The survey found that 89% of respondents were in favour of policy and regulation that would mandate open-source principles for AI sovereignty, with 80% seeing it as providing greater control, and 87% noting it provides greater transparency and easier auditability.
One of the speakers at the briefing was Dan Sinclair from Accenture who argued that sovereignty should not just be thought of as residency – i.e. where data is stored geographically – but should also be thought of in terms of capability.
He said: “It is the capability to choose the best model, the capability to audit all the decisions that your agents are making at any given time but also the ability to have a kill switch to stop malware or bad actors, or agents not working as they should.”
He noted that Europe has a good track record with sovereignty when it comes to data, particularly in regulated sectors, such as financial services or healthcare. But it is the question of model sovereignty – control over which large language model (LLM) is being used as opposed to being locked into just one model – where open source really flourishes, as it allows users to switch more easily.

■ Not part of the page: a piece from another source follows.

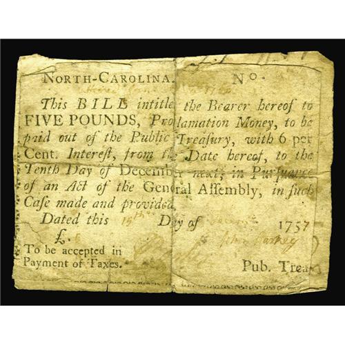 <B>North Carolina 1756 - 1757 (written dates) L5. Good-Very Good</B></I> This quite scarce note has been backed by another note. No valuation is given for this issue which has the date written as December 15, 1757. The note has been considerably trimmed. Any estimate here is solely conjecture and the value will be determined by the collectors.

“We can learn a lot of lessons from public cloud adoption. We’ve seen what happens when organisations are locked into specific providers. We are so early in the cycle [of AI] that enterprises can’t afford to make large-scale bets on just one provider because the market is moving so quickly.”
For Francesco Giannoccaro, head of hosting at the UK Health Security Agency, AI sovereignty is built around issues of trust.
“Firstly, there is a question of whether you can trust an AI itself,” he explained. “That means understanding the quality of the models – how have these been evaluated, how they perform on a specific domain, and can I inspect and tune those models properly? This is where open models are especially valuable because it helps make models more cost effective and provides transparency.
“The second question is whether I can trust the wider platform built around the model – where is this being hosted and does it protect data integrity, security and confidentiality from both input and output?”